For a tutorial that does not require the use of Psi4, see Daniel Crawford's SCF project (this project was adapted from that one). That project does not use density fitting, and all required integrals are read from text files so that your code can be written independently of any electronic structure package.
For additional information about the SCF procedure, I recommend Szabo and Ostlund's awesome (and cheap!) book Modern Quantum Chemistry or David Sherrill's online notes.
The C++ code for this SCF plugin can be found here.
Background:
Note: we use atomic units throughout this tutorial.
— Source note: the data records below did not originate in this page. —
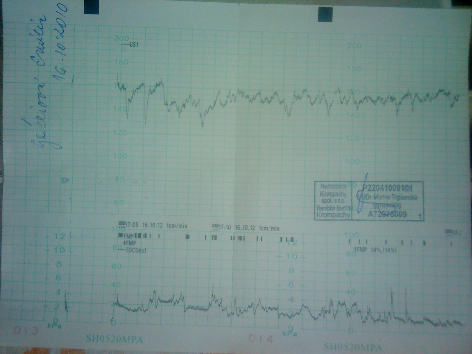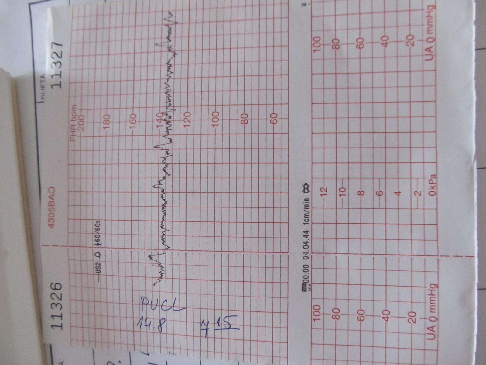 @lucinocka no mne dávali obe sondy od začiatku ..... takže mi meraju všetko ..... moja krivka je taká ako na fotke a teraz neviem či je nejak podobná ako tá tvoja alebo úplne odlišná a tedá ?zlá? toto je jediný CTG ktorý mi nechali .... tie prvé boli oveľa menej kľukatejšie a tento podľa nich je lepší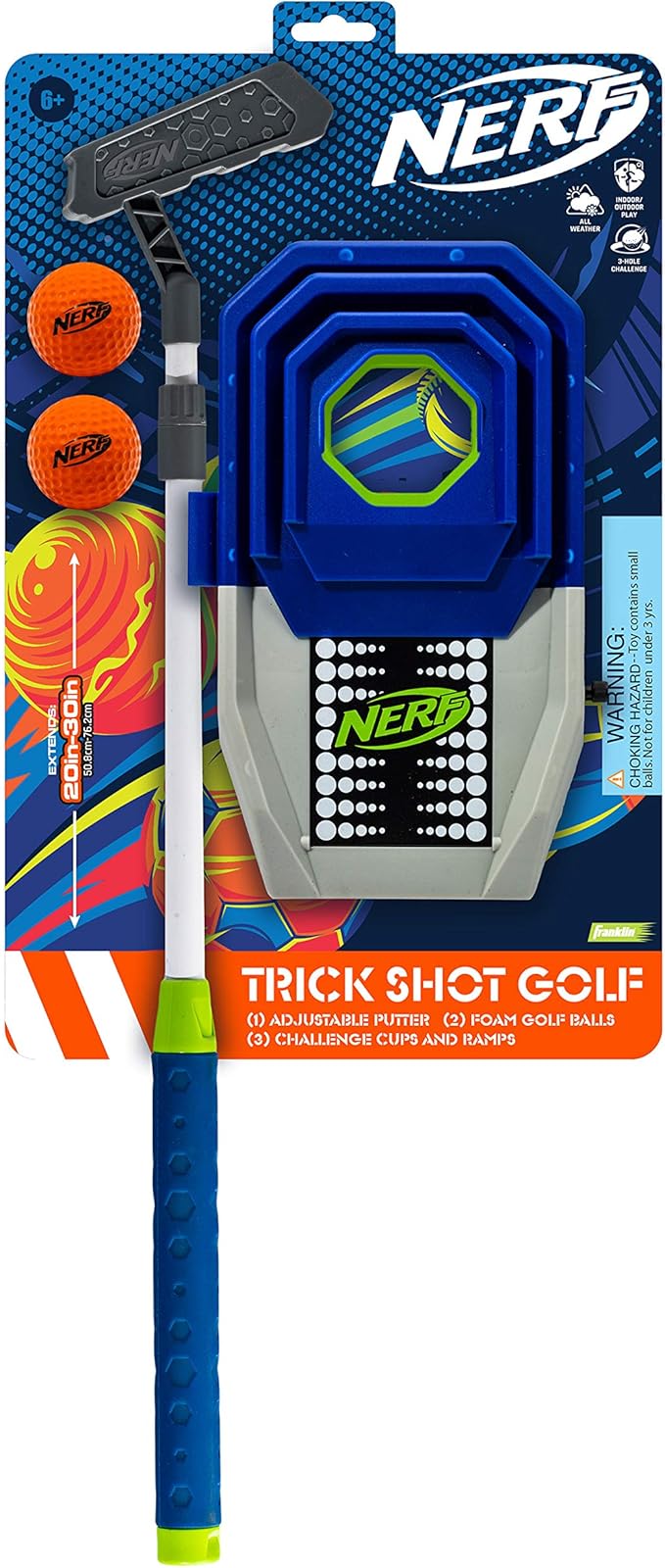 NERF Trick Shot Golf Set - Indoor + Outdoor Putting Trick Shot Kids Golf Set - Includes Putter, Balls, Ramp + Cups - All-in-One Toy for Kids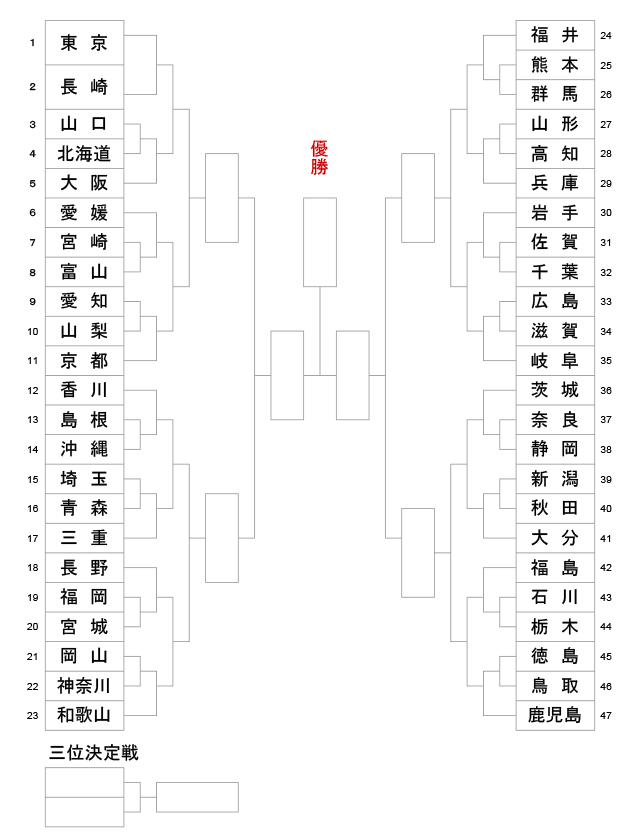 | 熊本県 | 4 | 3 | ― | 2 | 3 | 群馬県 |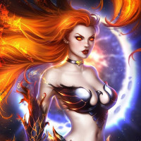 red hair, dressed in a fantasy-inspired armor that has flames or fire elements incorporated into its design. She is holding a staff or rod adorned with what appears to be crystals, and her posture suggests she might be engaged in some form of magical or combat activity. The background consists of swirling energy or particles, enhancing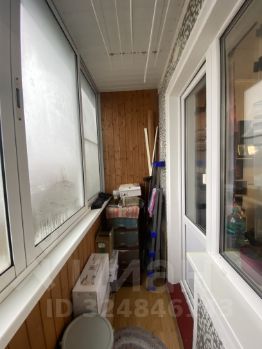 • Гостиная с выходом на остекленный балкон, обшитый сайдингом (окна выходят на парковку).

At the Hartree-Fock level of theory, the N-electron wave function is approximated as an antisymmetrized product of N one-electron functions called molecular orbitals (MOs). We call this type of wave function a Slater determinant, and the associated electronic energy can be expressed as
$$E_\text{electronic} = \sum_{\mu\nu} D_{\mu\nu} (h_{\mu\nu} + F_{\mu\nu})$$ where D represents a density matrix (defined below), h represents the core Hamiltonian matrix, and F represents the Fock matrix. Here, Greek indices represent atomic orbital (AO) basis functions. The core Hamiltonian matrix contains integrals that represent the kinetic energy of an electron (T) and electron-nuclear potential energy (V):
$$h_{\mu\nu} = T_{\mu\nu} + V_{\mu\nu}$$ The matrix elements of the kinetic energy are integrals over the real-valued AO basis functions, χ, with the quantum-mechanical kinetic energy operator:
$$T_{\mu\nu} = -\frac{1}{2}\int \chi_\mu({\bf r}) \nabla^2_{\bf r} \chi_\nu({\bf r}) d{\bf r}$$ We should note here that these basis functions are not orthogonal, and we define the overlap matrix , S, as
$$S_{\mu\nu} = \int \chi_\mu({\bf r}) \chi_\nu({\bf r}) d{\bf r}$$ The matrix elements of the electron-nuclear potential energy are integrals over basis functions with the potential energy operator (Z/r):
$$V_{\mu\nu} = -\int \chi_\mu({\bf r}) \left ( \sum_A \frac{Z_A}{r_A} \right ) \chi_\nu({\bf r}) d{\bf r}$$ Here, there are multiple nuclei, labeled A, with nuclear charge ZA and a distance from the electron of rA. The Fock matrix is defined as
$$F_{\mu\nu} = h_{\mu\nu} + \sum_{\lambda\sigma} D_{\lambda\sigma}[ 2(\mu\nu|\lambda\sigma) - (\mu\sigma|\lambda\nu)]$$ where the symbol, (μν|λσ) represents a two-electron repulsion integral, defined as
$$(\mu\nu|\lambda\sigma) = \int \chi_\mu({\bf r}_1) \chi_\nu({\bf r}_1) \frac{1}{r_{12}} \chi_\lambda({\bf r}_2) \chi_\sigma({\bf r}_2) d{\bf r}_1 d{\bf r}_2 $$ The actual working equations for Hartree-Fock theory are derived by considering a constrained minimization of the electronic energy with respect to the shape of the molecular orbitals, φ, which are expanded as a linear combination of atomic orbitals:
$$\phi_i = \sum_\mu C_{\mu i} \chi_\mu $$ Using Lagrange's method of undetermined multipliers, the electronic energy is minimized with respect to the elements of C subject to the constraint that the molecular orbitals form an orthonormal set. Eventually, these considerations lead to an eigenvalue problem; the molecular orbitals are the eigenvectors of the Fock matrix, and the corresponding eigenvalues (which are the multipliers) are interpreted as the molecular orbital energies.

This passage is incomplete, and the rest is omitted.